--- What needs to be done ---
Exactly retype the opening line of the entries and every line after it, ending with the line that contains "尼泊尔政府很重视家庭手工业及". Skip all pictures.

--- Stored items from a collection ---

▬▬▬▬▬▬▬▬▬▬

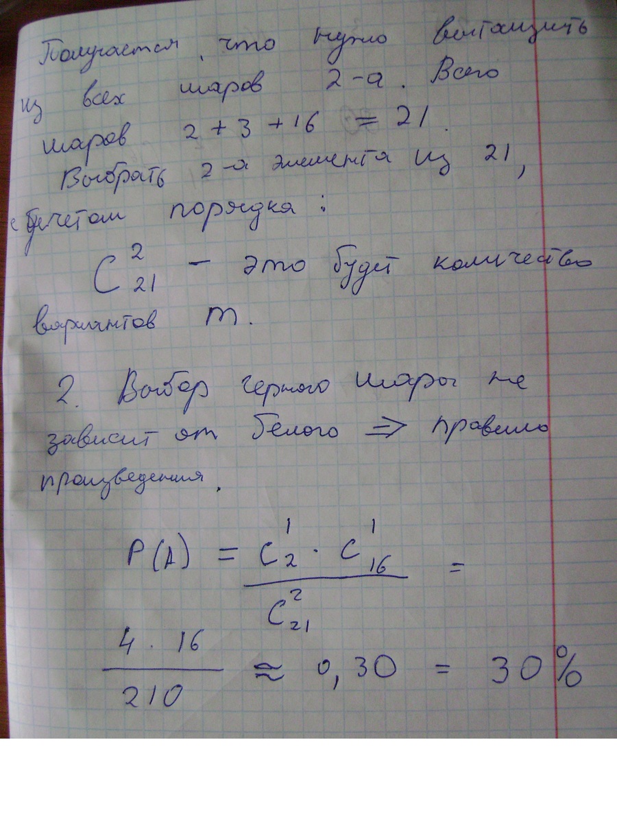 В урне находятся 2 белых,3 красных и 16 черных шаров.какова вероятность того что из вынутых наудачу двух шаров один окажется белым,а другой черным?
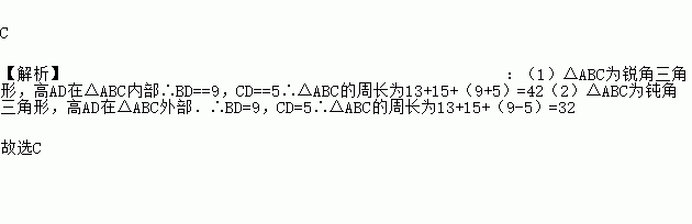 △ABC中,边AB=15,AC=13,高AD=12,则△ABC的周长是
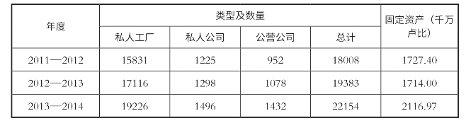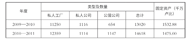 尼泊尔政府很重视家庭手工业及小型工业的发展,为此,有关部门为从业者提供必要的技术培训、贷款和信息支持等。那些经济比较落后的民族、低种姓、达利特人、残疾人以及妇女等在家庭手工业和小型工业中获得就业机会。2013—2014年度,尼泊尔共有家庭手工业及小型工业22154家,其中私营企业20722家,公营企业1432家,固定资产投资211.6亿卢比,就业人数17078人。见下表:
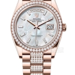 Basic Information Number: m128398tbr-0026 Brand: Rolex Series: Day-Date Movement Type: Automatic Gender: Women’s Movement Model: 3255 Movement Type: Automatic Manufacturer: Rolex Balance Wheel: Extra Large Inertia, Fine Adjustment, Balance Wheel Frequency: 28,800 rpm Oscillations per Hour: Hairspring: Paramagnetic Blue: Parachrom Hairspring: Shock-resistant High-performance Paraflex Shock-absorbing device, 31 jewels, 70-hour power reserve, Superlative Chronometer certification. Case diameter: 36mm, Case thickness: Not available, Dial color: White, Dial shape: Round, Strap color: Gold, Clasp type: Concealed folding crown buckle, Case back: Solid, Weight: Not available, Water resistance: 100 meters, Hour markers: Bat markers, Roman numerals, Clasp spacing: Not available, Lug spacing: Not available, Materials: Case material: 18k gold, Dial material: Not available, Bezel material: 18k gold, diamond-set, Crystal material: Scratch-resistant sapphire crystal, Cyclops lens for magnification, Date display, Crown material: Screw-down, Twinlock double waterproof system, Strap material: 18k gold, President model, three-link clasp, Clasp material: Not available, Functions: Day display, Large date.
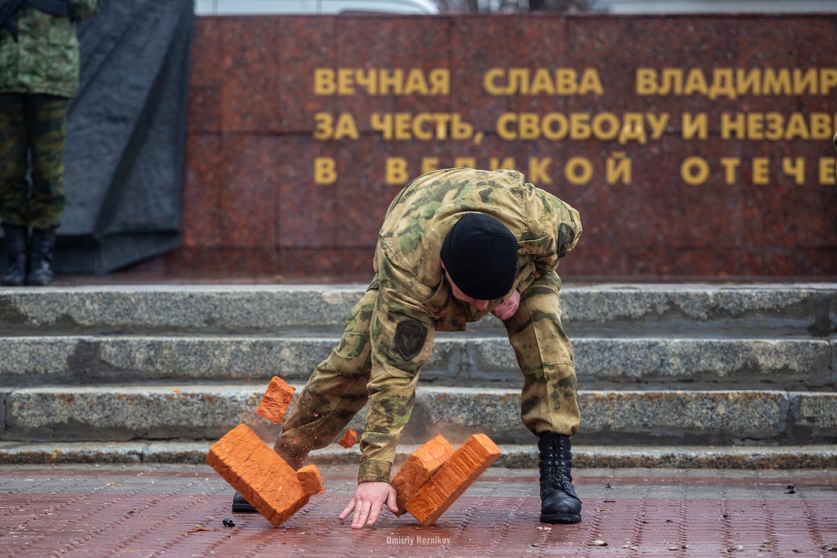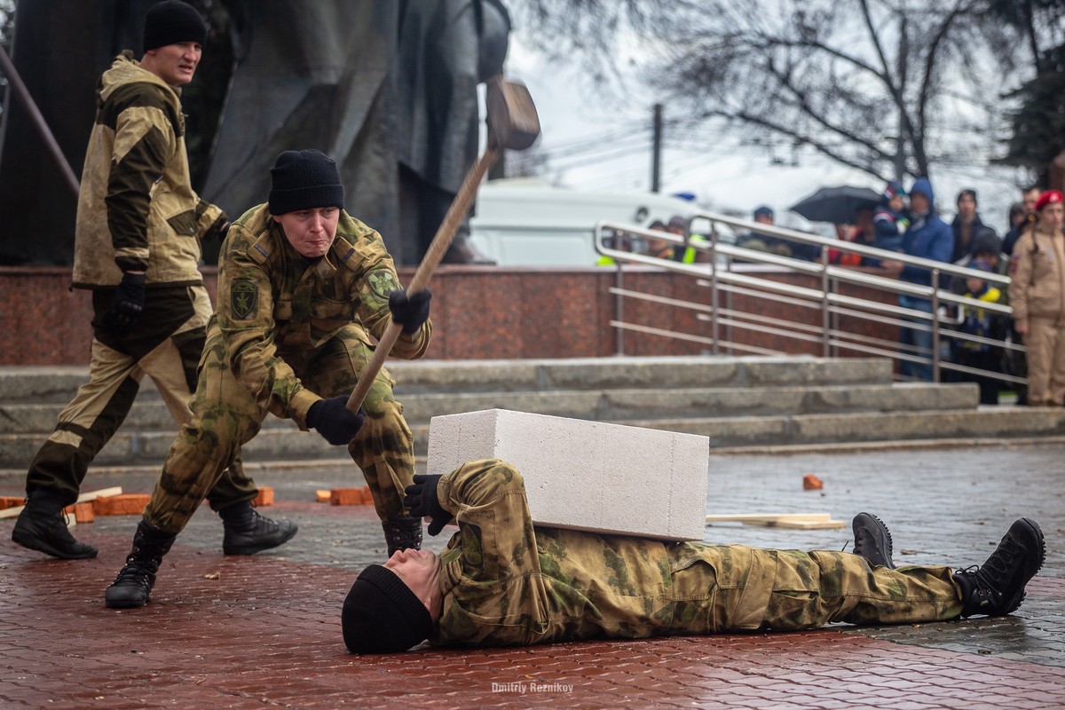 Апофеозом воинственного праздника стало выступление представителей «Боевого братства», больше похожих на кадровых сотрудников спецподразделений.

▬▬▬▬▬▬▬▬▬▬

--- Worked solution ---
 В урне находятся 2 белых,3 красных и 16 черных шаров.какова вероятность того что из вынутых наудачу двух шаров один окажется белым,а другой черным?
 △ABC中,边AB=15,AC=13,高AD=12,则△ABC的周长是
 尼泊尔政府很重视家庭手工业及小型工业的发展,为此,有关部门为从业者提供必要的技术培训、贷款和信息支持等。那些经济比较落后的民族、低种姓、达利特人、残疾人以及妇女等在家庭手工业和小型工业中获得就业机会。2013—2014年度,尼泊尔共有家庭手工业及小型工业22154家,其中私营企业20722家,公营企业1432家,固定资产投资211.6亿卢比,就业人数17078人。见下表:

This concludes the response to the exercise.